Explicit Instruction/Teacher modeling(7 minutes)
- Define the terms Patterns, Drawing conclusions, and Powers of ten. Have students say the meanings with you and write your notes from the board on the Vocabulary Cards or Glossary. Write some examples of the words on the board with assistance from students.
- Distribute all the vocabulary cards and ask students to add a visual to the cards. For example, the visual for powers of ten could have a number being multiplied by ten however many times. Additionally, students can create a short pattern with numerals or shapes, or a number that increases by two every time, on the pattern vocabulary card.
- Write "Patterns of Ten: Division" on a piece of chart paper. Write the expression 983.4 ÷ 10On the chart paper and ask students to tell their partners what the quotient might look like without doing any calculations ("I think the answer will be..."). Listen for their rationale and include some of their thinking when you share the quotient.
- Share that the answer for the division expression is 98.34 and that you did not even have to use the standard algorithm because of the powers of ten with division. Show the calculator to prove your answer and write your observations on the chart paper (e.g., "I noticed that the decimal point moved one place to the left when the number was divided by 10, making the value smaller.").
- Ask students to consider 98.34 ÷ 10And discuss with partners what the answer may be. Ask them to share their ideas aloud and confirm or deny their guesses by using the calculator again. Mention that the decimal point moved again to the left when the dividend was multiplied by 10.
- Have them consider 983.4 ÷ 100Given the last two quotients. Have students share aloud what they think their answer will be (e.g., "Since 10 x 10 = 100, I think the decimal will move two places to the left. The quotient will be 9.834.").
- Explain that patterns can be easy to find with repeated calculations.
Guided practise(6 minutes)
- Display the worksheet Multiply and Divide with Powers of 10 and model completing a box with division problems using a calculator.
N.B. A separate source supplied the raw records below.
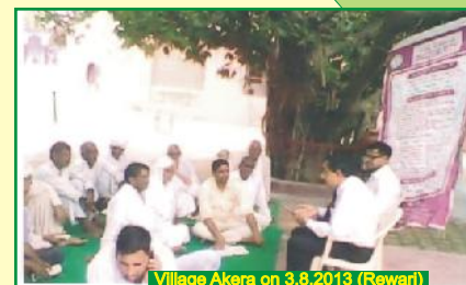
Village Akera on 3.8.2013 (Rewari)

Similarly, 11 Legal Literacy Camps were held through Mobile Bolero Van during 1.8.2013 to 15.8.2013 by Legal Aid Counsels/Para Legal Volunteers by District Legal Services Authority, Rewari. One Rural Lok Adalat was also organized on 11.8.2013 at village Bhalki.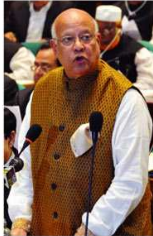
Honorable Finance Minister Abul Maal Abdul Muhith in his budget speech in the Parliament on June 9, 2011

"Restructuring the fields of Corporate Social Responsibility (CSR) has been proposed to encourage CSR compliance. Moreover, company taxpayers' will be eligible to get 10 percent tax rebate for CSR donation up to Tk. 8 crores subject to a limit of 20 per cent of their income. I also propose to raise the limit for expenditure for tax rebate to Tk. 1 crore to encourage individual investment. I also propose to rationalise and expand the scope of CSR."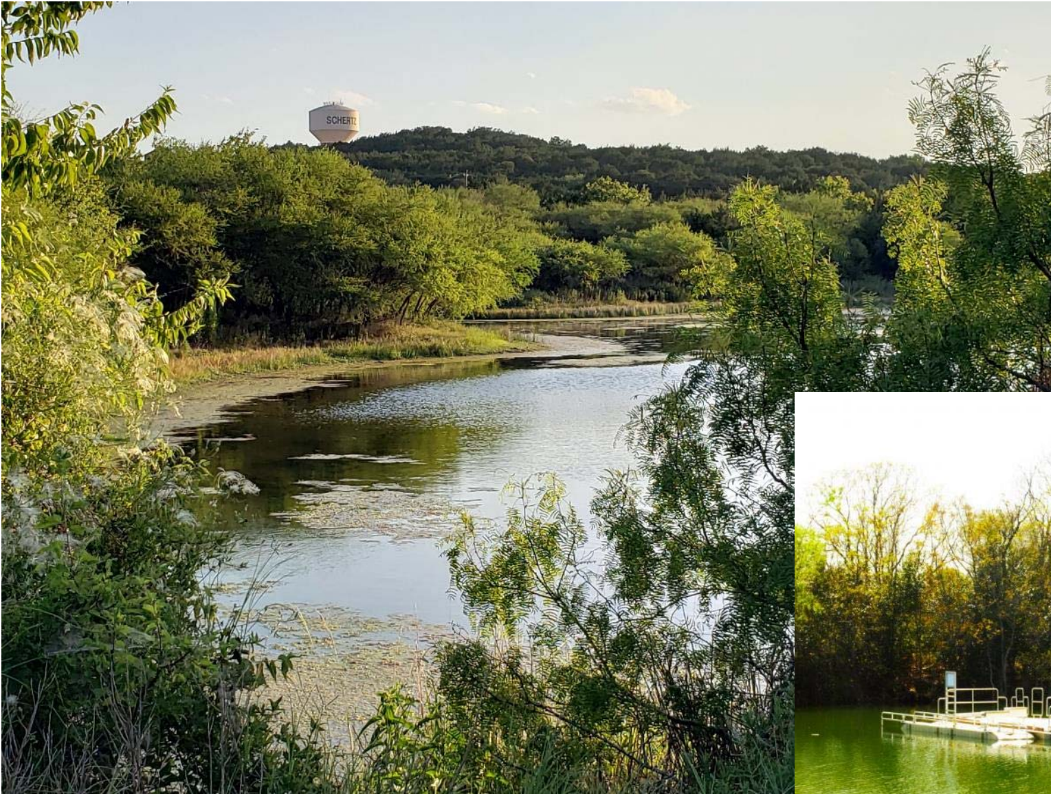
Pond and Fishing Pier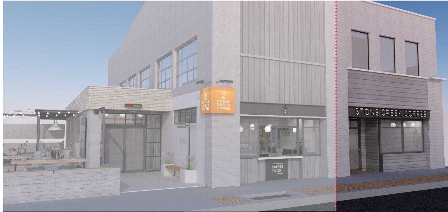
Rendering Looking Southeast

Previously Approved Project | Addition to Project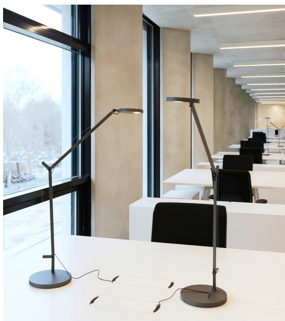
Demetra - Naoto Fukasawa

In the third and fourth floor office environments, the Algoritmo system, integrating with the architecture, defines a uniform illuminance perfect for workspaces where each workstation is also supported by Demetra task light table.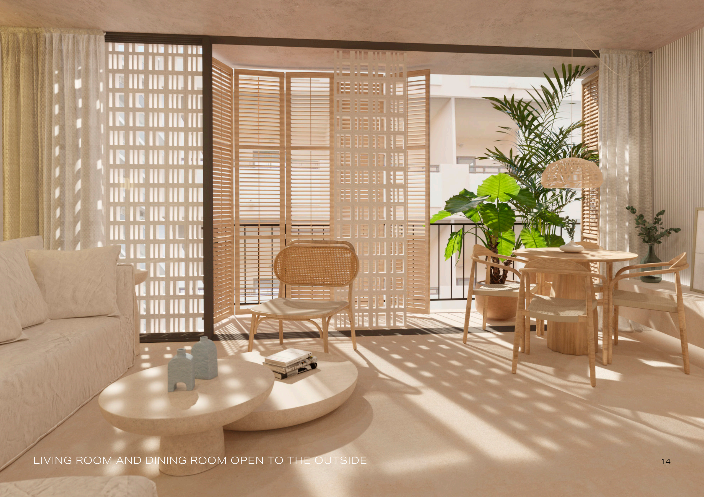
LIVING ROOM AND DINING ROOM OPEN TO THE OUTSIDE

Discuss how the answer is different from the dividend. Students should understand that the value of the dividend gets smaller and that they could essentially eliminate a zero in the answer for every zero in the divisor.
- Distribute the worksheet Multiply and Divide with Powers of 10 and calculators. Ask students to write the answers of a set of division problems (i.e., one box of division expressions) using their calculators to solve the problems. (Note: tell students to skip all the multiplication questions and those with exponents.)
- Ask students to share their observations about their division problems and their quotients (e.g., "I noticed that for every zero in the divisor, there was one less zero in the quotient.") Allow them to complete another box of division problems and share observations with partners.
- Choose a few more students to share their observations aloud and write them on the chart paper Patterns of Ten: Division.
- Model asking a student a clarifying question about their explanation after they have shared it with the class. Use language such as:
- "What do you mean when you say...?"
- "Could you clarify how you did this part?"
- "What step did you take to solve this step?"
- "This sentence might be better if you said..."
- Have students repeat some of the clarifying questions you asked as you write them on the board.
- Tell students they will now discuss in partnerships their observations about patterns involving the powers of ten.
Group work time(10 minutes)
- Display and distribute the worksheet Clearer Stronger Activity with Notes and discuss the expectations you have for their discussions (see worksheet instructions). Have an advanced student summarize the expectations for the activity.
- Choose a student to model the discussion with you using the equations from the Explicit section (e.g., 983.4 ÷ 10 = 98.34And 98.34 ÷ 10 = 9.834). Share a conclusion you've drawn based on the example equations and have your student partner ask clarifying questions. Write a note in the teacher copy of the Partnership Notes section ("My partner said to...").
- Tell students they will now conduct a Clearer Stronger Activity where they will choose a set of boxed expressions (i.e., a set of division problems that does not include exponents) from the Multiply and Divide with Powers of 10 worksheet. They will discuss the patterns they saw with one box of expressions two different times using examples and sentence frames. The goal of the activity is to improve their explanations after each round.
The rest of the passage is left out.